Building a homebrew CPU from scratch takes a large number of logic chips. It is understandable, that implementing registers, program counter, ALU, and other components of the CPU in TTL or CMOS logic does require a substantial amount of chips. But how many exactly?
I've tried to optimize my homebrew CPU for the lowest amount of logic chips possible and answer a question:
How few ICs are required for a Turing-complete CPU without a CPU?
My answer is a 16-bit Serial CPU with only 8 ICs, including memory and clock. It has 128kB SRAM, 768kB FLASH, and can be clocked up to 10MHz. It contains only a 1-bit ALU, but the majority of its 52 instructions operate on 16-bit values (serially). At its maximum speed, it executes roughly 12k instructions per second (0.012MIPS) and, among other things, is capable of streaming a video on PCD8544 based (Nokia 5110) LCD at ~10 FPS.

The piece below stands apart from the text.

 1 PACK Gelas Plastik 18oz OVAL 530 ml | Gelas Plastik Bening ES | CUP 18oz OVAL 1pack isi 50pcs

Depending on where you place the line between a state machine and a CPU, my 16-bit system might actually be the CPU with the lowest amount of ICs. Although, some other contestants are Jeff Laughton's 1-bit computer with 1 instruction and 1-bit of memory, and Daniel Thornburgh's Simple CPU with 1 byte-byte-jump instruction and memory simulated on a Raspberry PI.

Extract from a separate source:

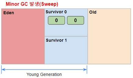 - Sweep : 참조하고 있지 않는 객체, 연결이 끊긴 UnReachable 객체들을 Heap에서 제거한다.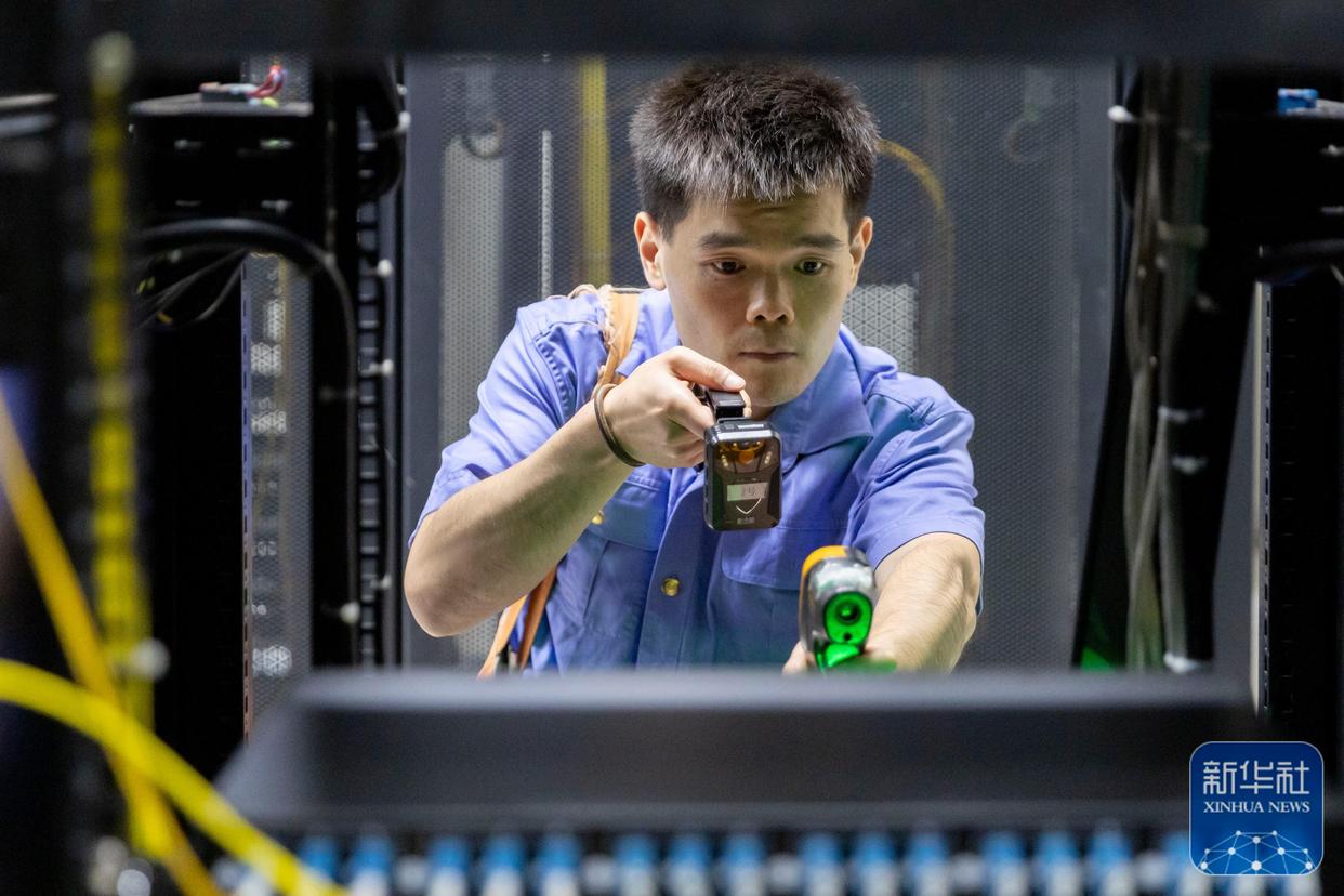 ↑ 10月4日,中国铁路上海局集团有限公司上海电务段信号工张骏绅在查看服务器运行情况。新华社记者 王翔 摄

The architecture is inspired by other CPU builds like James Sharman's JAM-1, Ben Eater's SAP-1, Warren's 4-bit Crazy Small CPU, its 8-bit version, and others. All of them, and many others alike, use a "control" EEPROM, EPROM, or ROM for generating control signals to the CPU components. Because it is way easier than generating them by logic circuits alone, and because it offers more flexibility in the future, I've also decided to use such a "control" memory, specifically, an EPROM. Contrary to the builds mentioned above, I've aimed for the lowest possible chip count, so I've tried to "squeeze" as much data processing inside the memory as possible, to either lower the demands on other CPU components or better yet, eliminate them completely. Here are some key steps taken:
Even with these dramatic simplifications, some additional hardware is still required, however, everything can be built with just 8 chips in total, following the schematic below:
The circuit is built around a 128kB M27C1001-15 EPROM, working at 5V and combining a control state machine with a 1-bit ALU. Its output lines are latched by a 74HC574 every clock cycle and control the two 23LCV512 64kB serial SRAMs and one W25Q80 1MB serial FLASH. There are not enough outputs to control each memory individually, so they share the data line and partially also the chip select line, only the clock lines are kept separate. I could not find a 5V serial FLASH memory, so resistors R3, R4, and R5 limit the current and form a bridge from 5V to 3.3V. I do not count the MCP1703 3.3V voltage regulator as part of the CPU (I consider it, to be a part of a power supply), but with it, my CPU contains 9 chips.
The current instruction is stored in a buffered shift register 74HC595, which has its control lines also partially shared with the memories. Every instruction takes a couple of cycles to complete, so the progress within an instruction is tracked by a "microcode" counter 74HC393. After the instruction completes, the "Counter_reset" line resets the "microcode" counter and starts the execution of the next instruction buffered in 74HC595.
The 74HC574 and the "microcode" counter 74HC393 use opposite clock edge, so the clock generator 74HC14 provides an inverted clock signal to the 74HC393 to make them both synchronous.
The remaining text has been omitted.